Data in this exercise Start Marker

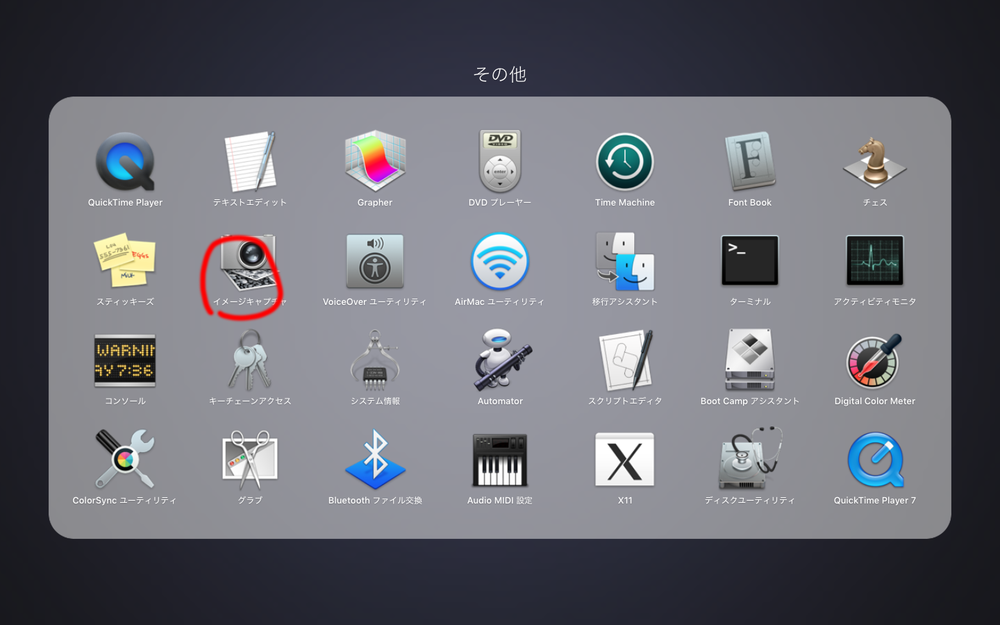 Macのメニューから「Launchpad」をクリックして、「その他」からイメージキャプチャを選びます。
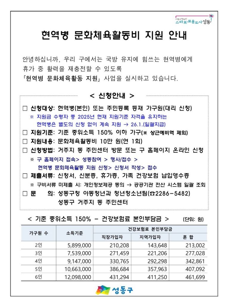 성동구는 2018년에 지원 대상을 국민기초생활수급자 및 차상위 계층에서 중위소득 100% 이하 가구로 확대한 데 이어, 올해부터는 중위소득 150% 이하로 다시 한번 기준을 완화해 더 많은 현역병이 혜택을 받을 수 있도록 했다. 신청 방법은 현역병 본인 또는 가족이 구청 누리집을 통해 온라인 신청하거나 거주지 동 주민센터에 방문하면 된다.
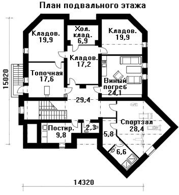 Цокольный этаж предназначен под хозяйственно-бытовые нужды и для активного отдыха: там собраны помещения под все технические службы дома, вместительные кладовые, просторный винный погреб, спортивный зал с душевой.
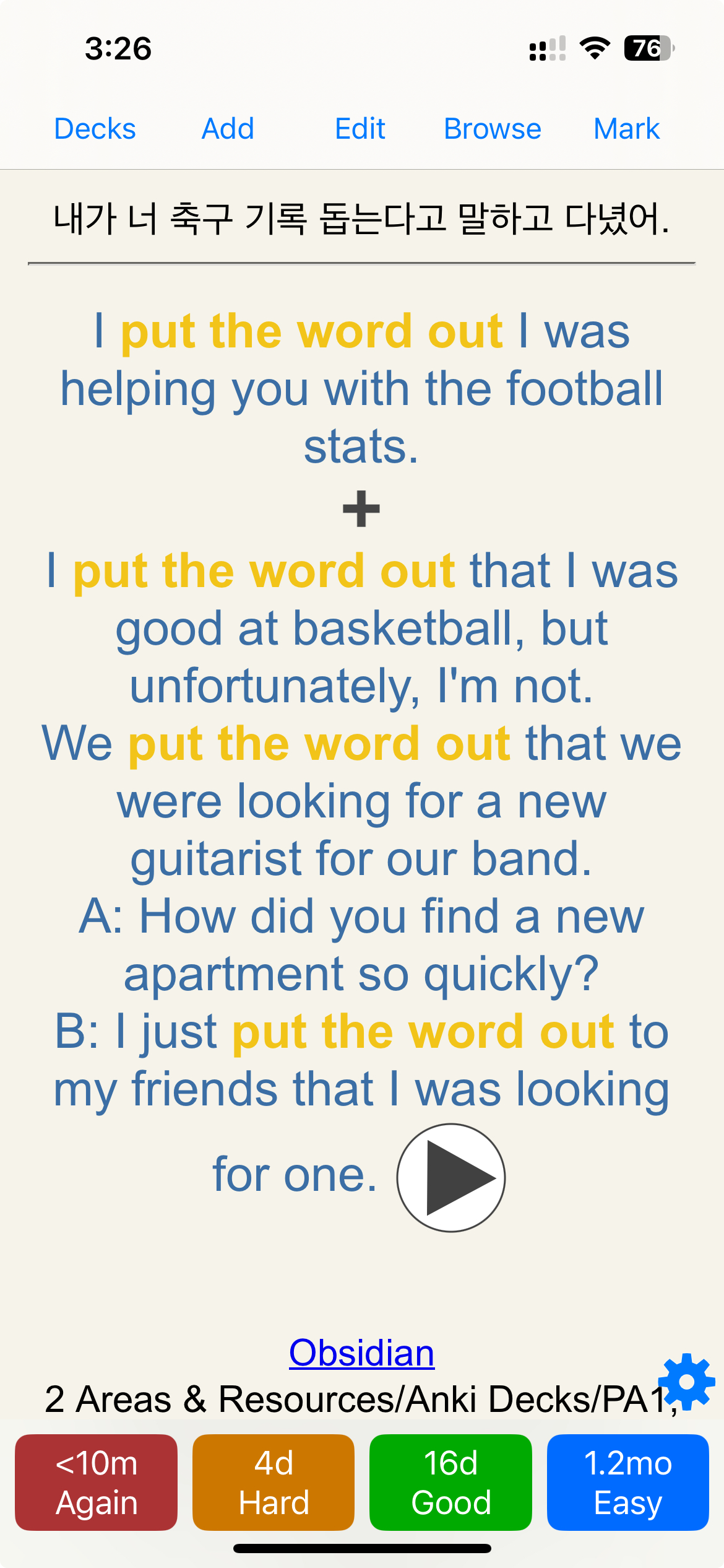 - Easy(쉬움): 너무 쉽게 기억날 때 (그 정도가 아니면 안 누르는 걸 추천)
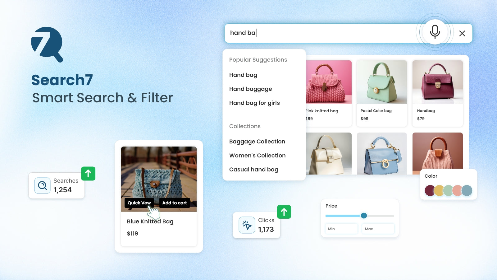 Supercharge your Shopify store with Search7 - the smart search solution! Deliver instant results, dynamic filters, and a mobile-friendly experience for seamless navigation. Customize effortlessly to match your theme and gain valuable insights with search analytics. Optimize inventory, enhance product discovery, and boost sales. Help shoppers find what they need faster and increase conversions with Search7 - the smarter way to search!
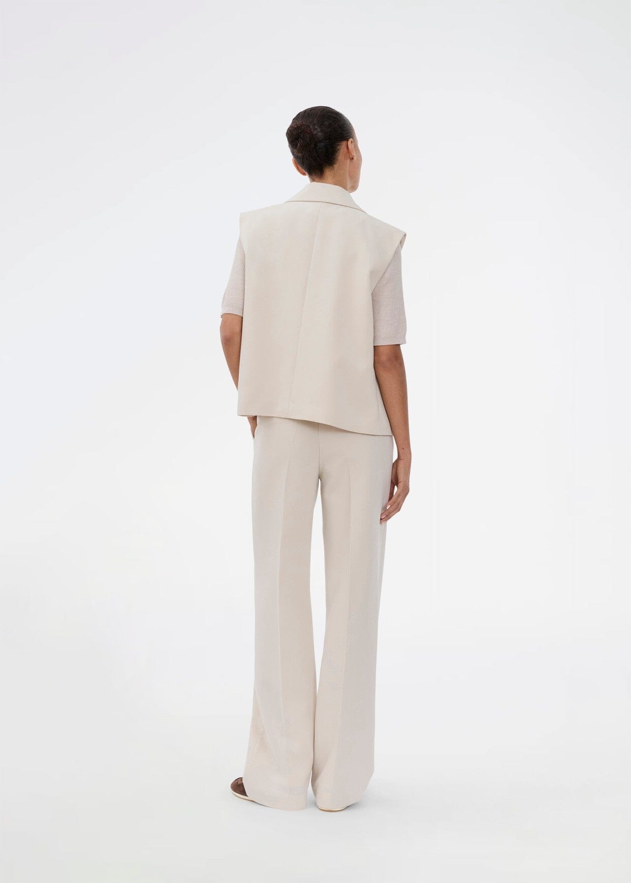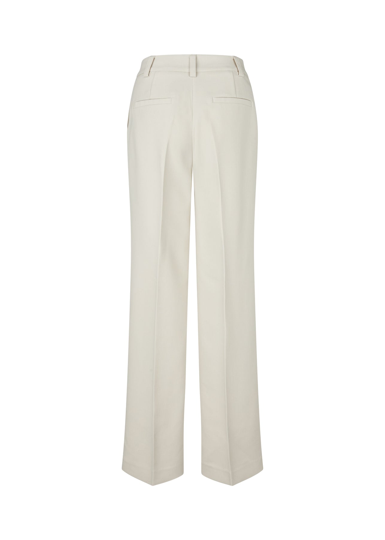 Broek van Modström in een lichte offwhite kleur. De broek heeft wijde pijpen met vouwen en een losse pasvorm.
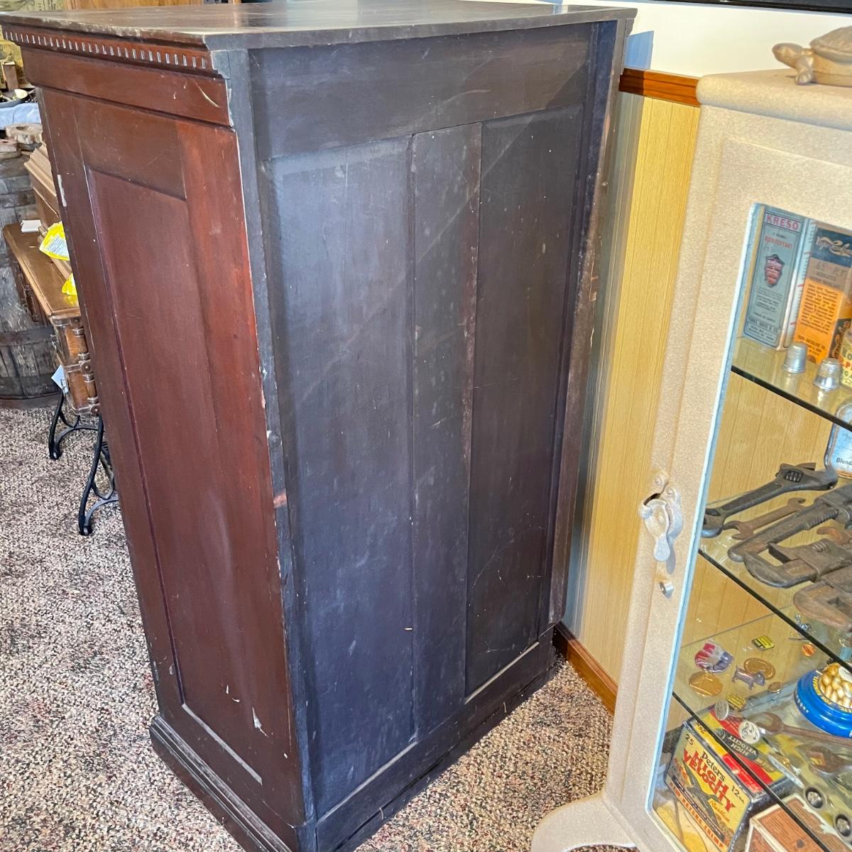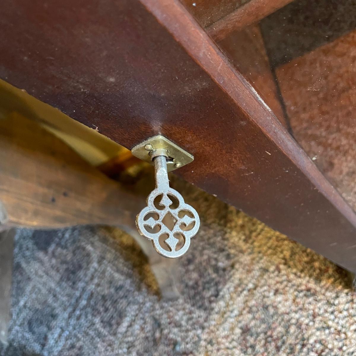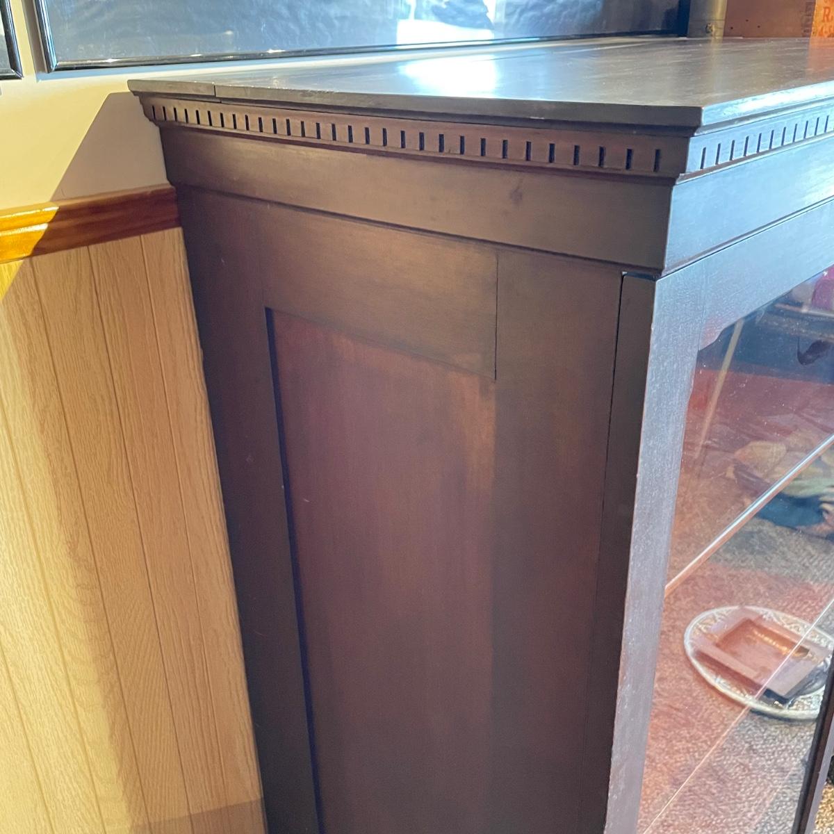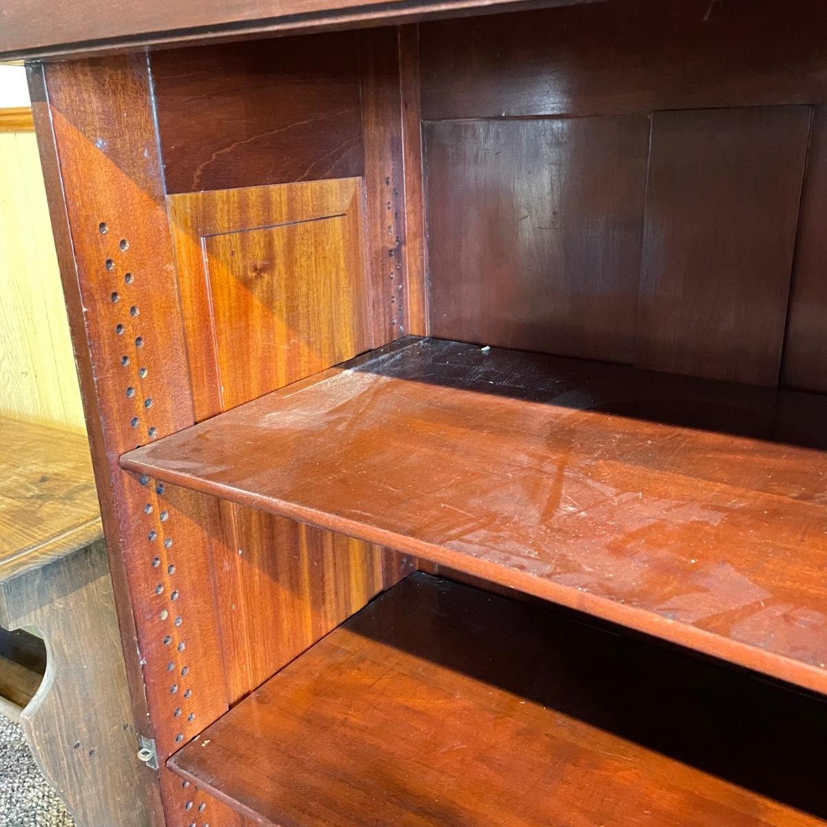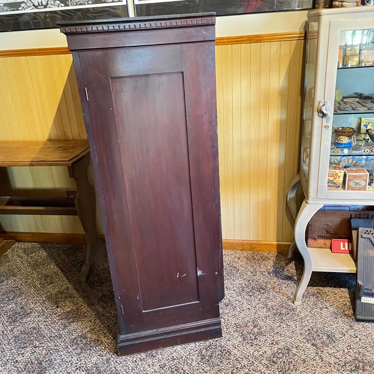 VINTAGE MAHOGANY bookcase with single glass door and key. The key locks the case and appears to be nickel. Three shelves can be repositioned. Bookcase measures approximately 30” x 20” x 54”. Superficial scratches and nicks are found, but piece is in great shape overall. See images. Local pick up only.
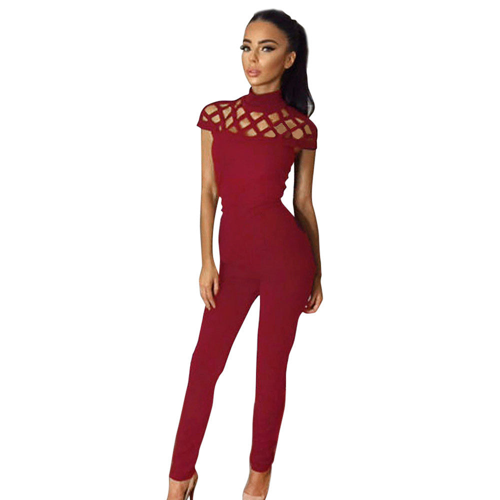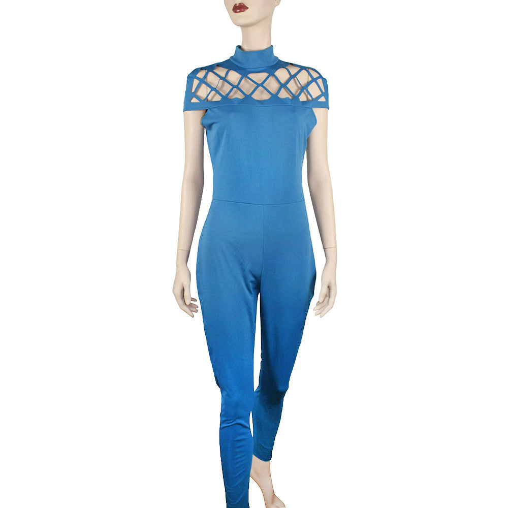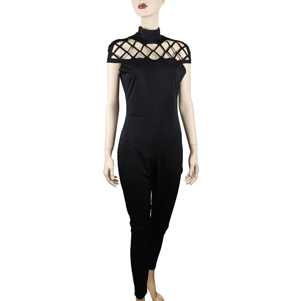 Rompers Womens Jumpsuit Choker Turtleneck Hollow Caged Sleeve Playsuits Long Overalls For Women macacao feminino longo IMY66
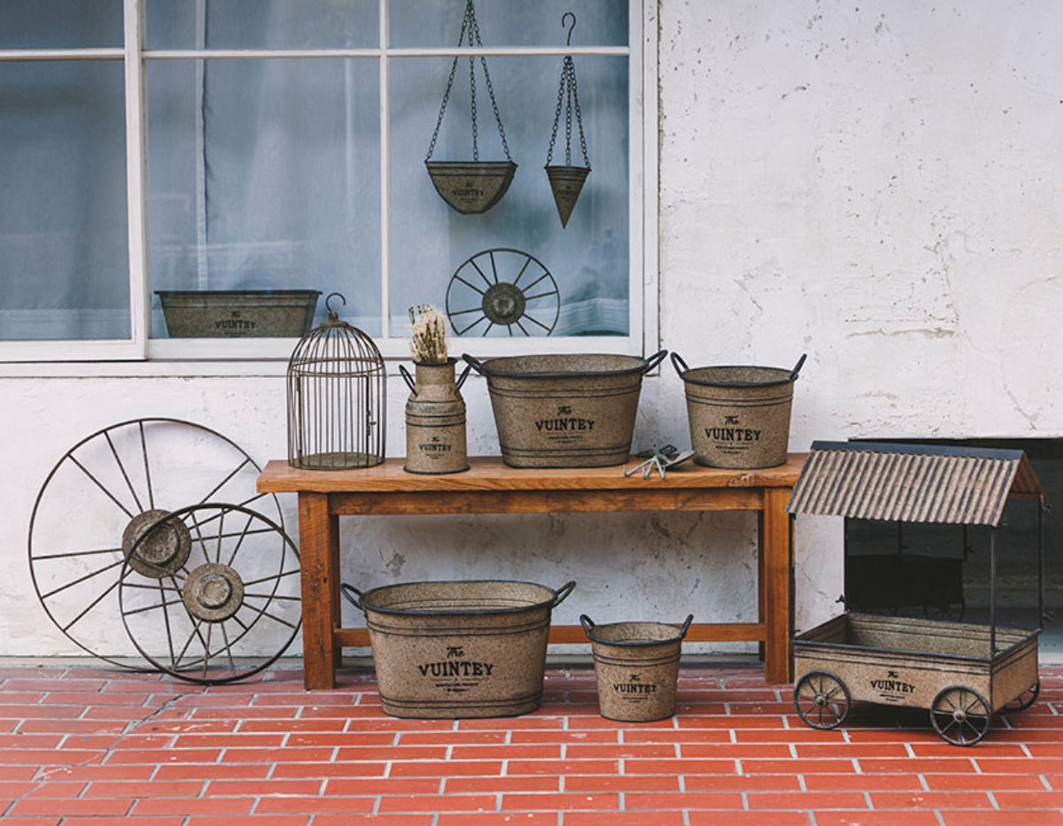 「ヴィンティー」シリーズを、ひとつ飾るだけでお庭やインテリアの印象をガラッと変えてくれますが、同シリーズやサイズ違いで揃えて頂くことでより一層ガーデニングをお楽しみいただけます。
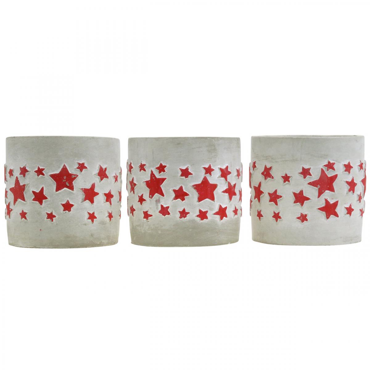 Keramikdeko Sternmuster, Pflanzgefäß, Beton-Optik, Adventsdeko Ø10,5cm H9,5cm 3St
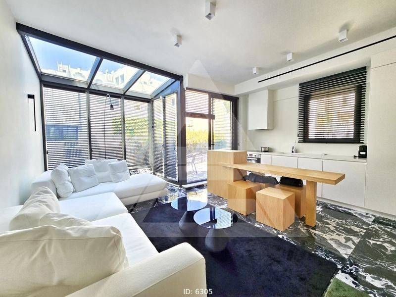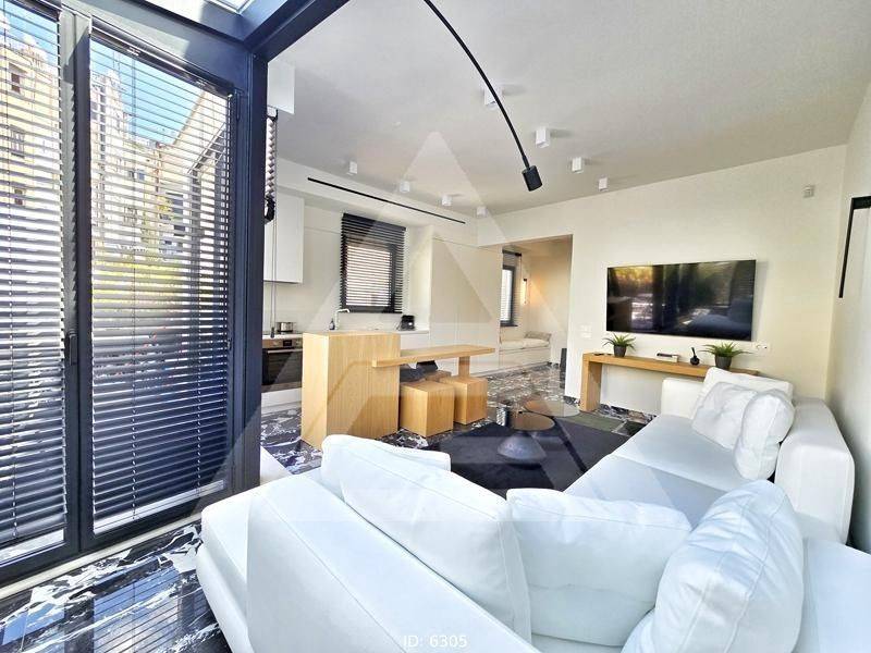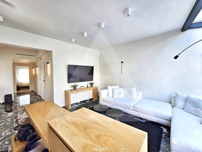 Kolonaki - Floor Apartment 116sqm fully furnished, bedrooms 2, master bedrooms 2, levels 1, 5th, fully renovated, year built 1970, renovation year 2023, energy class A+, living room, kitchen, 2 bathrooms, wc, heating type: autonomous (heat pump), air condition, quiet, dual aspect apartment, luminous, frontage, painted, drop ceiling, balconies, large balconies, balcony 60sqm, elevator, built in appliances, aluminum frames, double glazed windows, door screen, wood & tile floors, secure door, alarm, luxurious, jacuzzi, smart home, residential zone, southern orientation, access from asphalt, close to square (up to 100m), close to market (up to 100m), close to metro/train (up to 100m).
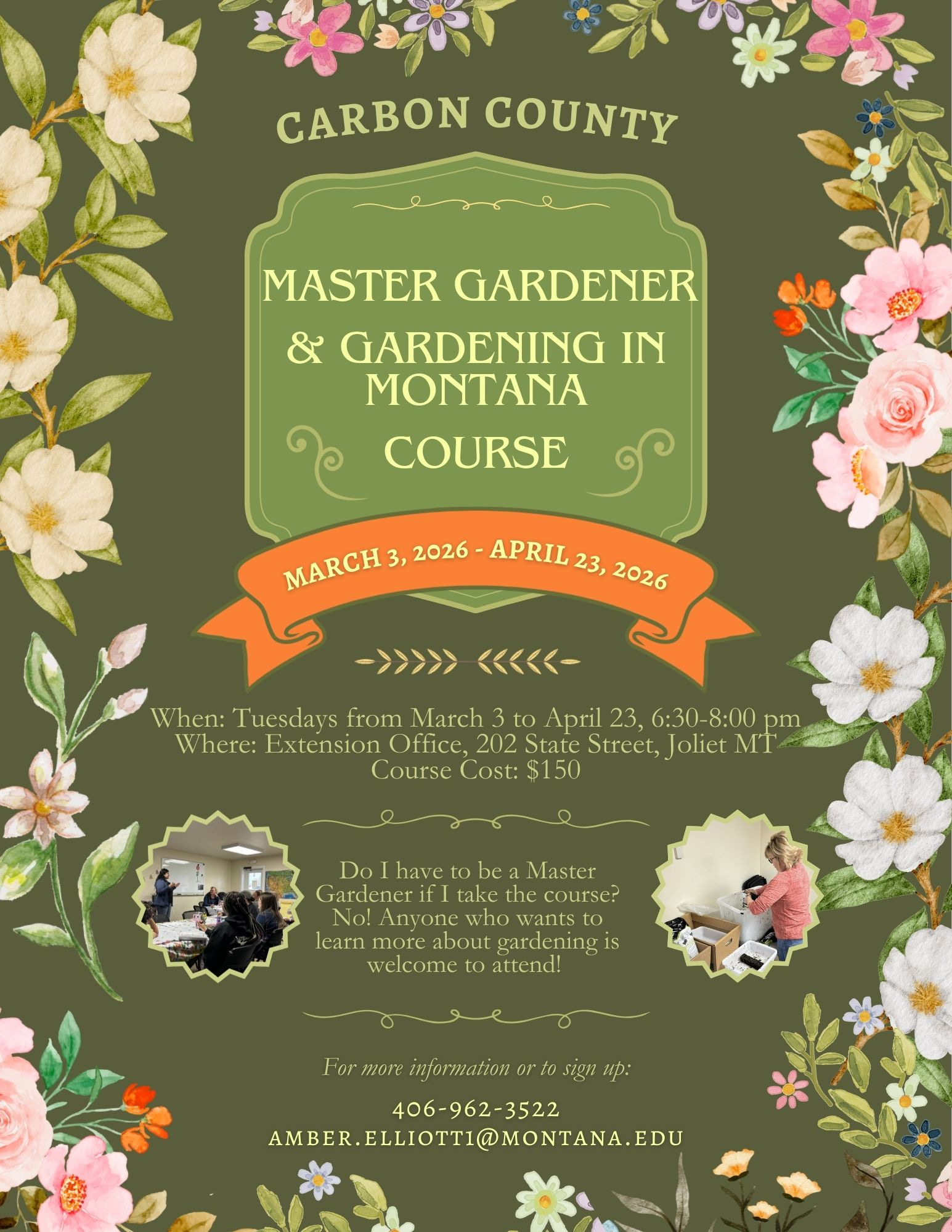 Join Carbon County and MSU Extension to learn more about gardening in our unique environment and the skills and knowledge needed to be successful here. One recent graduate said, “The master gardener course taught me way more than I originally went in for. Every lesson was engaging and well planned and it truly was the highlight of my week.”

Data in this exercise End Marker

Exercise => Verbatim output of every entry above is required, though pictures are to be left out.

Problem solution =>
 Macのメニューから「Launchpad」をクリックして、「その他」からイメージキャプチャを選びます。
 성동구는 2018년에 지원 대상을 국민기초생활수급자 및 차상위 계층에서 중위소득 100% 이하 가구로 확대한 데 이어, 올해부터는 중위소득 150% 이하로 다시 한번 기준을 완화해 더 많은 현역병이 혜택을 받을 수 있도록 했다. 신청 방법은 현역병 본인 또는 가족이 구청 누리집을 통해 온라인 신청하거나 거주지 동 주민센터에 방문하면 된다.
 Цокольный этаж предназначен под хозяйственно-бытовые нужды и для активного отдыха: там собраны помещения под все технические службы дома, вместительные кладовые, просторный винный погреб, спортивный зал с душевой.
 - Easy(쉬움): 너무 쉽게 기억날 때 (그 정도가 아니면 안 누르는 걸 추천)
 Supercharge your Shopify store with Search7 - the smart search solution! Deliver instant results, dynamic filters, and a mobile-friendly experience for seamless navigation. Customize effortlessly to match your theme and gain valuable insights with search analytics. Optimize inventory, enhance product discovery, and boost sales. Help shoppers find what they need faster and increase conversions with Search7 - the smarter way to search!
 Broek van Modström in een lichte offwhite kleur. De broek heeft wijde pijpen met vouwen en een losse pasvorm.
 VINTAGE MAHOGANY bookcase with single glass door and key. The key locks the case and appears to be nickel. Three shelves can be repositioned. Bookcase measures approximately 30” x 20” x 54”. Superficial scratches and nicks are found, but piece is in great shape overall. See images. Local pick up only.
 Rompers Womens Jumpsuit Choker Turtleneck Hollow Caged Sleeve Playsuits Long Overalls For Women macacao feminino longo IMY66
 「ヴィンティー」シリーズを、ひとつ飾るだけでお庭やインテリアの印象をガラッと変えてくれますが、同シリーズやサイズ違いで揃えて頂くことでより一層ガーデニングをお楽しみいただけます。
 Keramikdeko Sternmuster, Pflanzgefäß, Beton-Optik, Adventsdeko Ø10,5cm H9,5cm 3St
 Kolonaki - Floor Apartment 116sqm fully furnished, bedrooms 2, master bedrooms 2, levels 1, 5th, fully renovated, year built 1970, renovation year 2023, energy class A+, living room, kitchen, 2 bathrooms, wc, heating type: autonomous (heat pump), air condition, quiet, dual aspect apartment, luminous, frontage, painted, drop ceiling, balconies, large balconies, balcony 60sqm, elevator, built in appliances, aluminum frames, double glazed windows, door screen, wood & tile floors, secure door, alarm, luxurious, jacuzzi, smart home, residential zone, southern orientation, access from asphalt, close to square (up to 100m), close to market (up to 100m), close to metro/train (up to 100m).
 Join Carbon County and MSU Extension to learn more about gardening in our unique environment and the skills and knowledge needed to be successful here. One recent graduate said, “The master gardener course taught me way more than I originally went in for. Every lesson was engaging and well planned and it truly was the highlight of my week.”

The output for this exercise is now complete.